Top Traders Squeezed by Soaring Gas Markets and Seek Cash
(Bloomberg) -- Major energy traders including Gunvor Group Ltd. and Mercuria Energy Group Ltd. have reduced the size of their trading positions and increased borrowing from lenders to cover large margin calls stemming from the unprecedented surge in European gas prices, according to people familiar with the matter.
Commodity trading houses have been expanding their natural gas dealings in recent years, signing long-term contracts to purchase volumes of the fuel, and typically building corresponding short positions in derivatives to hedge potential losses from price swings. As the price of gas in Europe has spiked, the traders have been told to deposit additional funds -- known as margin calls -- with brokers and exchanges to cover part of the value of their positions in gas futures, the people said.
Both Gunvor, the biggest independent trader of liquefied natural gas, and Mercuria, a major power and gas trader, asked banks for additional credit to fund margin calls arising from their hedging positions, said the people, who asked not to be named because the information is private.
Gunvor received margin calls of about $1 billion in total for its gas and LNG trading positions and has paid that out in the last few months, one of the people said. The company has about $3 billion in readily available liquidity to cover obligations, according to the person.
The two trading houses, both headquartered in Geneva, have also reduced their gas-trading positions to help manage the extreme volatility, the people said.

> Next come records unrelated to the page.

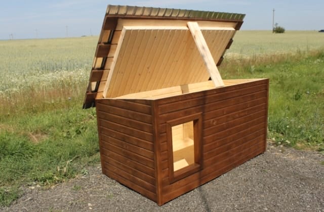 Плоскую откидную крышу можно использовать только в будке-вольере. Его строят в том случае, когда дом часто посещают незнакомые собаке люди.
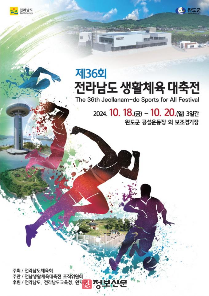 10월 18일부터 20일까지 3일 동안 완도공설운동장 및 완도군 일원경기장에서 열리는 제36회 전라남도생활체육대축전은 ‘치유의 섬 완도에서 화합하는 전남생활체육 대축전’이라는 주제 아래 전남 22개 시‧군 생활체육인 6,655명의 선수단이 참가, 24개 종목(정식 22, 민속 1, 시범 1)에서 기량을 겨룬다.
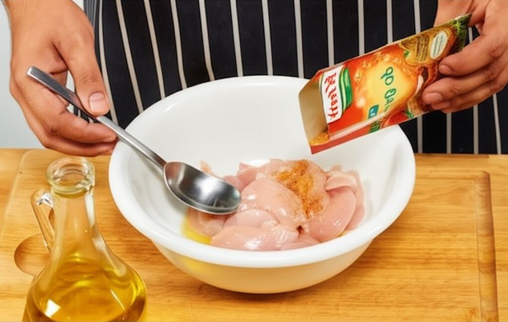 Potnij filety na paski. Połącz kawałki mięsa z Przyprawą do gyrosa Knorr oraz oliwą.
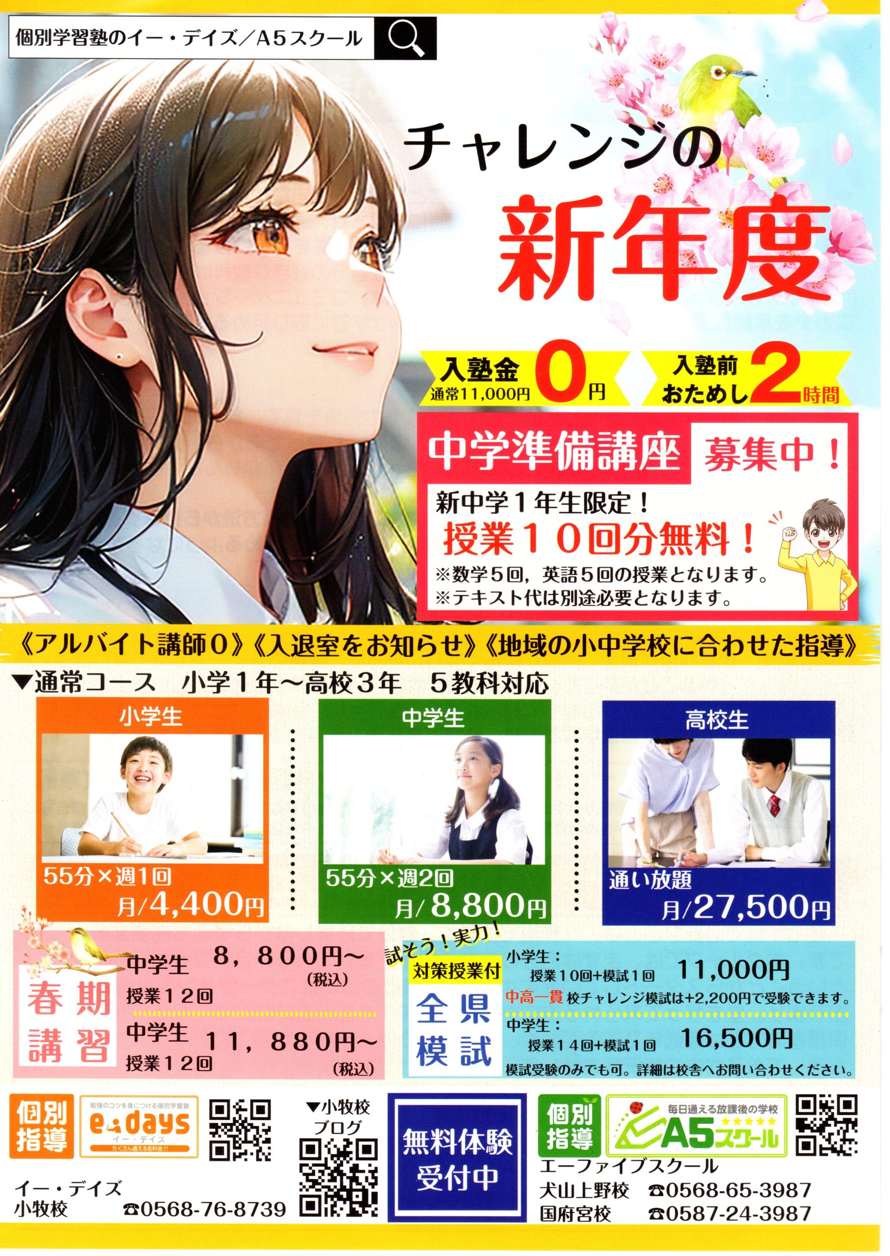 この春がはじめ時!全国模試トライアル実施中!「今なら入塾金0円!入塾初回特典あり!」春期講習性も募集中!

Gunvor and Mercuria declined to comment.
Vitol Group, the biggest independent oil trader, has also increased borrowing because of margin calls but hasn’t been forced to reduce its trading positions, the people said. Vitol declined to comment.
Trafigura Group, the second-biggest independent oil and metals trader, has increased its credit lines by about $6 billion this year amid rising prices for commodities from copper to LNG, but has not significantly reduced its gas trading positions or increased borrowing in response to recent margin calls, another person said.

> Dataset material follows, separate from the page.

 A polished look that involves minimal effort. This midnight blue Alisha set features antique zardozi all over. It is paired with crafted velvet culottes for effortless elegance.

The margin calls don’t necessarily reflect losses. Even profitable trading positions would need large amounts of additional capital to cover margin calls as prices have surged. The challenges faced by trading houses show how Europe’s unprecedented energy crisis is creating difficulties at every step along the supply chain, not just for end consumers.
Even Russia, the world’s largest gas exporter, has been trying to talk down the market, saying the recent frenzy -- in which prices have jumped 60% in two days -- is in nobody’s interest.
The crisis sweeping the region, the result of scant supply exhausted by rebounding demand, threatens to hamper the economic recovery by driving up business costs and household bills and sending inflation soaring. Several industries have seen large energy users shutter operations that have become too expensive to run.
With temperatures in northwest Europe forecast to fall below normal next week, combined with expectations for low wind-power output across the region, could boost consumption of gas and stoke further price volatility.
Trading houses rely on short-term borrowing facilities from banks to fund their business of buying, storing, transporting and selling raw materials. Their pool of banks has been shrinking in recent years as one-time major lenders including Dutch bank ABN Amro and BNP Paribas of France exit or pull back from the sector following a series of trading scandals, and losses in Singapore.
Gunvor also issued a $300 million bond last month, returning to corporate debt markets for the first time since 2013.